Scott handed Adnan a map that had been drawn, with Arabic lettering, to show a certain rundown street in the capital – Baghdad's block-long furniture district.

"What do you want to do there?" Adnan asked hesitantly, as he pulled the car into traffic.

"Don't worry," Scott replied, pointing at the cameras. "We're not working – we're going shopping."

With hundreds of journalists packing into Baghdad for Iraq's referendum, space is at a premium. All satellite phones must be registered with the ministry, and correspondents sign a letter promising not to use the phones at their hotel.

That means that on the southeast side of the press center – outside on a patio – there stands a bank of satellite phone antennas and makeshift desks. Scott quickly realized that if he didn't stake out a claim ASAP – like a gold prospector, protecting his patch – there would be no space left.

"Adnan relaxed when we got to the furniture market, and it was clear that my cameras would remain unused. We walked from shop to shop, surveying all manner of office hardware.

The Monitor's "bureau" in Baghdad now consists of one of the finest desks on the patio – dark-blue mottled plastic exterior, pasted over wood, and two drawers replete with a key lock and plastic diamonds on tin handles – and two aquamarine plastic deck chairs. Total cost: $5 for the chairs; $25 for the desk.

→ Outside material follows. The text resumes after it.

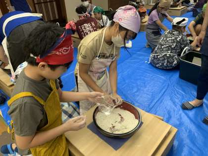 8/31 (木) 6年生 集団宿泊学習 「そば打ち体験1」

• WHO'S ON FIRST? The Monitor's Scott Baldauf, like most observers, found it difficult to read the political crosscurrents in Kashmir (page 7). For example, he notes there's a surprising degree of horse trading after the elections.

"One candidate I met, Manjit Singh, switched parties after our interview, on the same day. I have no idea what motivated him to join the party which was tossed out of power," says Scott. "One Kashmiri journalist attributed it all to a culture of opportunism. 'Nobody in Kashmir is sincere, not even the common man,' he told me, ruefully."